The processor first creates a CKAN dataset from the datapackage specification, using the CKAN api [`package_create`](http://docs.ckan.org/en/latest/api/#ckan.logic.action.create.package_create). If the dataset already exists, and parameter `overwrite_existing` is `True`, the processor will attempt to update the CKAN dataset using [`package_update`](http://docs.ckan.org/en/latest/api/#ckan.logic.action.update.package_update). All existing resources and dataset properties will be overwritten.

##### CKAN resources from datapackage resources

If the CKAN dataset was successfully created or updated, the dataset resources will be created for each resource in the datapackage, using [`resource_create`](http://docs.ckan.org/en/latest/api/#ckan.logic.action.create.resource_create). If datapackage resource are marked for streaming (they have the `dpp:streamed=True` property), resource files will be uploaded to the CKAN filestore.
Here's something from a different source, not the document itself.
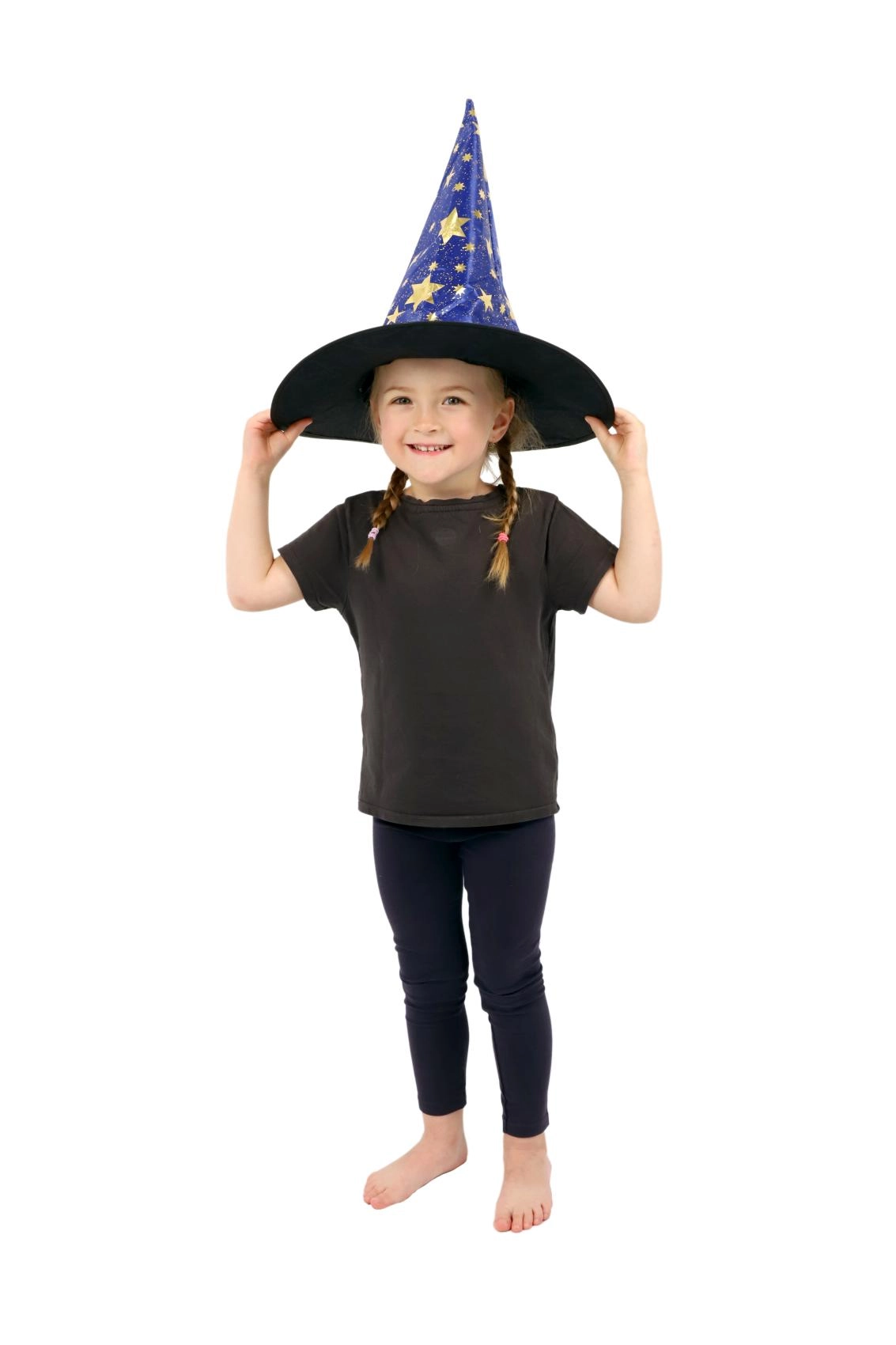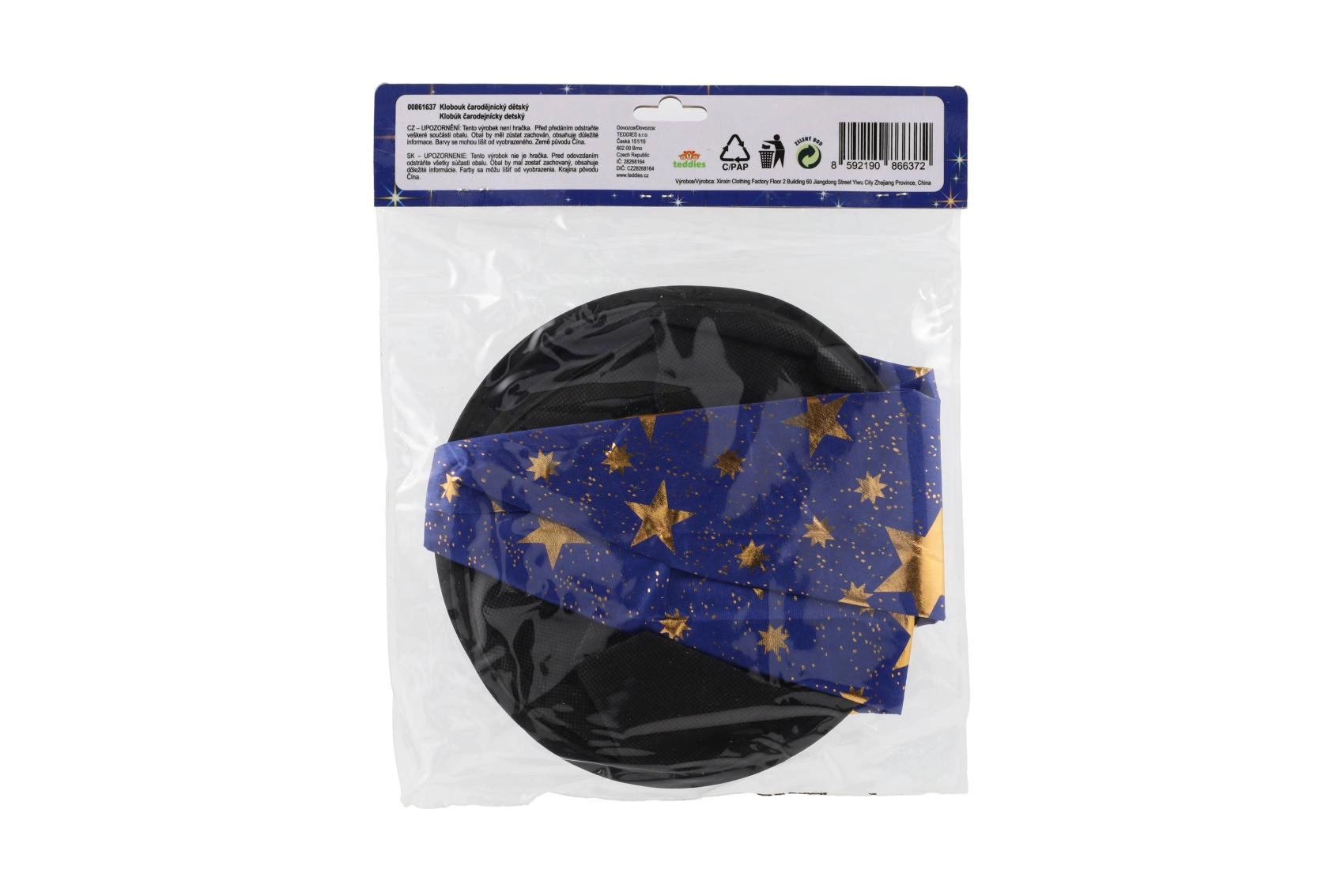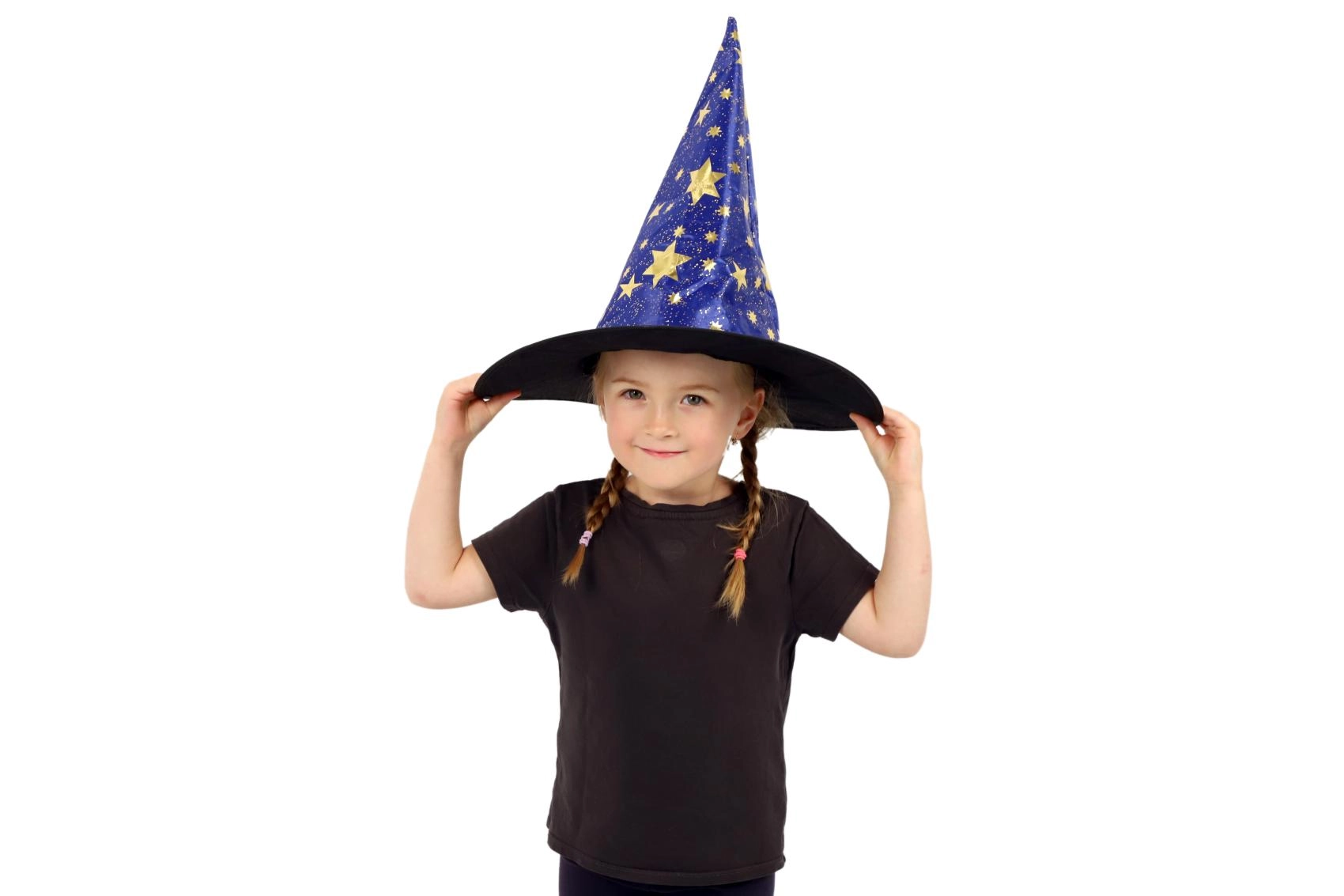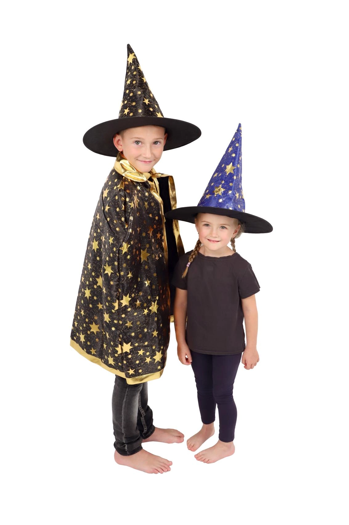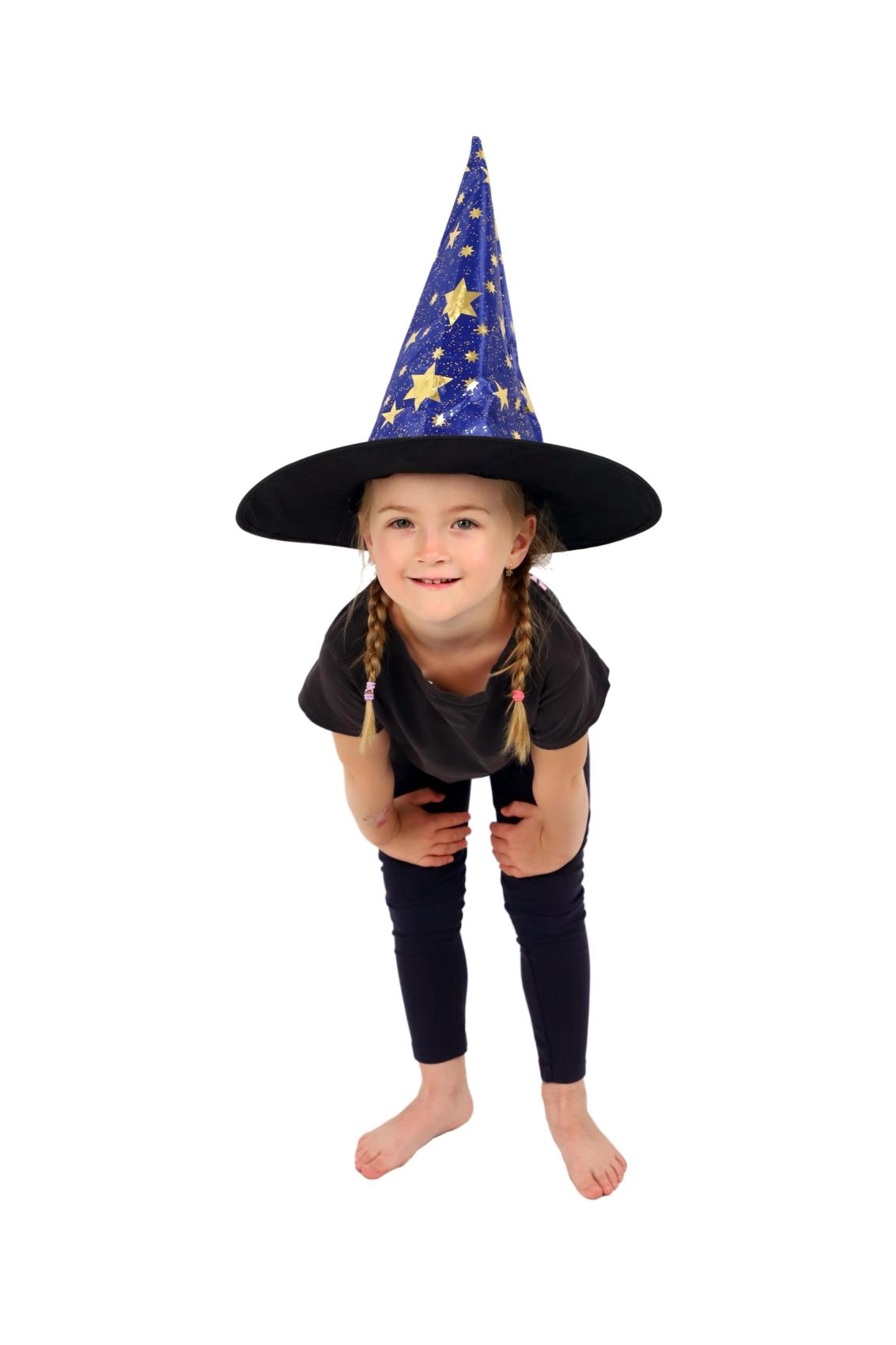 Създайте вълшебна атмосфера у дома с тази детска вещерска шапка в синьо–златно изпълнение. Лекият материал, широката периферия и високата заострена форма с блестящи звезди гарантират впечатляваща визия за карнавал, Хелоуин и тематични тържества.

For example, remote resources may be marked for streaming by the inclusion of the `stream_remote_resources` processor earlier in the pipeline.

Additionally, if `push_resources_to_datastore` is `True`, the processor will push resources marked for streaming to the CKAN DataStore using [`datastore_create`](https://ckan.readthedocs.io/en/latest/maintaining/datastore.html#ckanext.datastore.logic.action.datastore_create) and [`datastore_upsert`](https://ckan.readthedocs.io/en/latest/maintaining/datastore.html#ckanext.datastore.logic.action.datastore_upsert).